On Fri, Sep 24, 2021 at 04:06:10PM +0300, Reco wrote:
> On Fri, Sep 24, 2021 at 01:59:58PM +0200, to...@tuxteam.de wrote:
> > Back then you could more or less safely assume that a file system
> > image wasn't out to kill you. These days, though...
> 
> Oh. Citation needed. Curious minds want to know.

I've repeatedly read kernel developers say that there are no safety
guarantees about mounting a filesystem that someone else has made.
In this article, Theodore TS'o (the primary developer of ext*) is
quoted as saying that ext4 and XFS currently aren't safe in that
regard:

    https://lwn.net/Articles/796687/

> How exactly one can produce a filesystem image that tries to get you?

You would craft invalid metadata that caused bad things to happen
when it's mounted. Just because the kernel can't make such metadata
itself doesn't mean that an attacker can't write it to an image.

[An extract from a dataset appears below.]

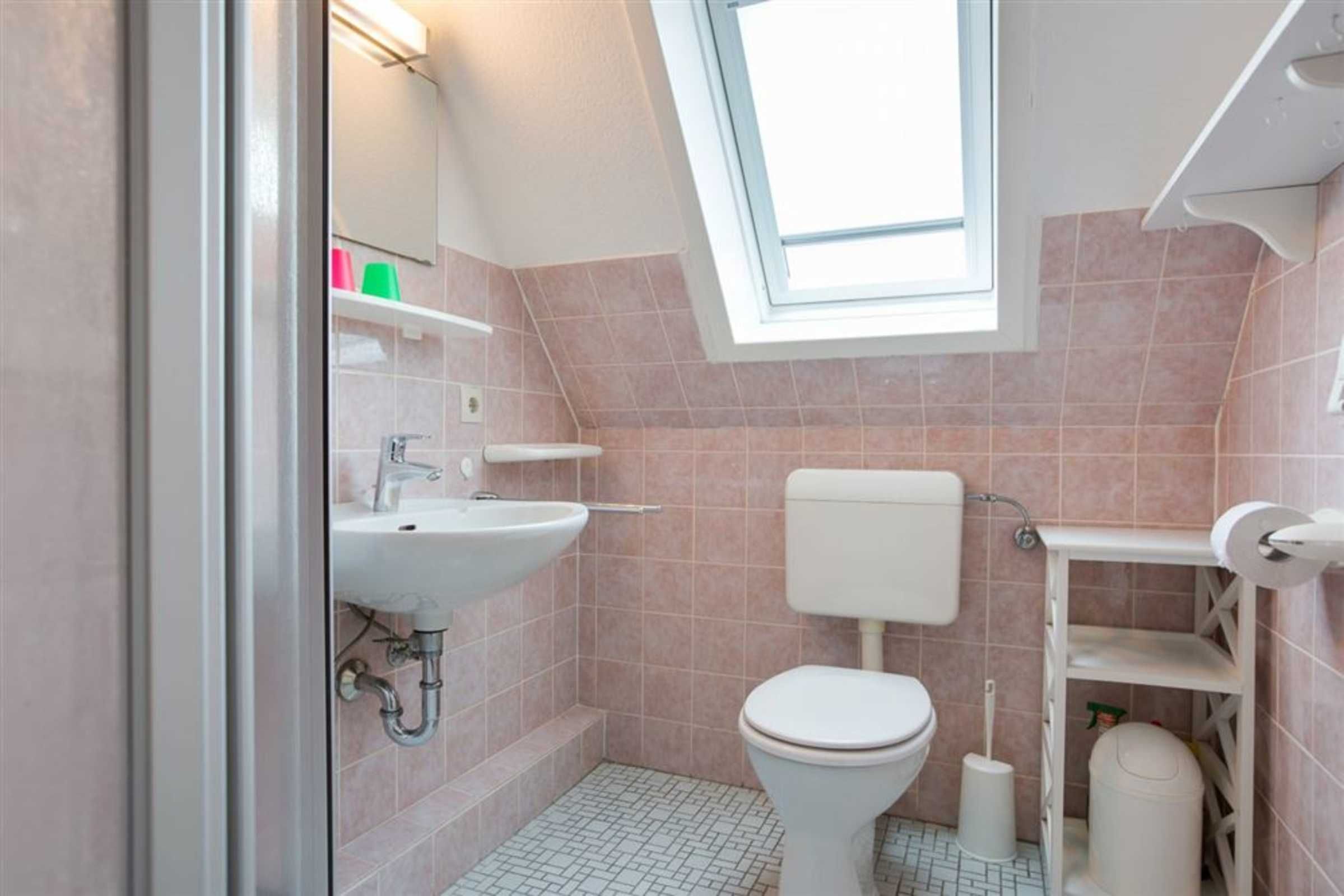 Badezimmer (Duschbad) mit Dusche, WC und Tageslicht. Kein Föhn.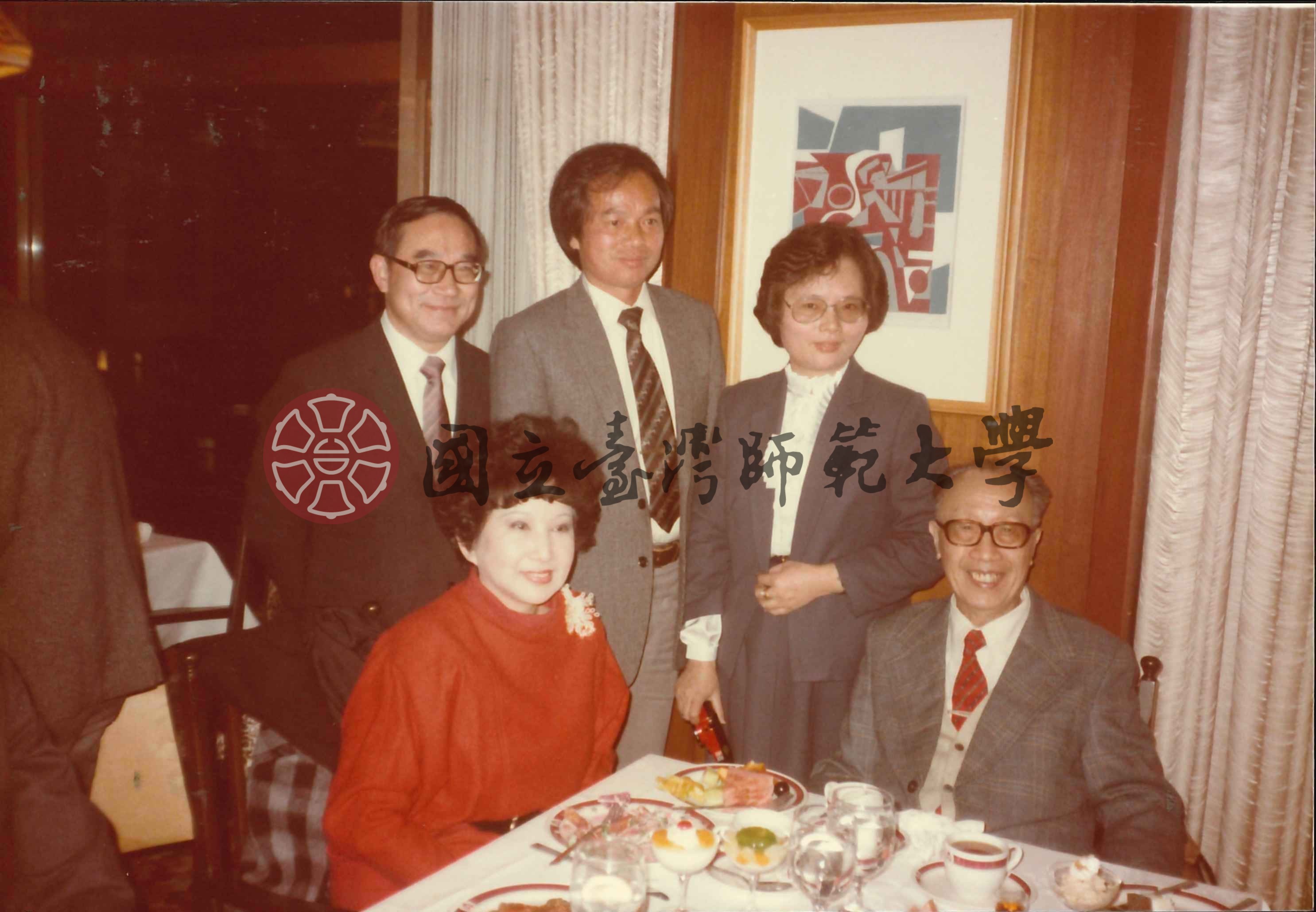 梁實秋、韓菁清等五人餐桌前合照

The article is about a new filesystem, where it was pointed out that
it would be trivial to craft an image that crashed the kernel. That
was considered a bug and fixed, but existing Linux filesystem
developers admit that there are similar bugs in incredibly popular
existing filesystems on Linux, so to demand that a new filesystem
didn't have that problem would be a double standard. Others
preferred to see it as standards being raised.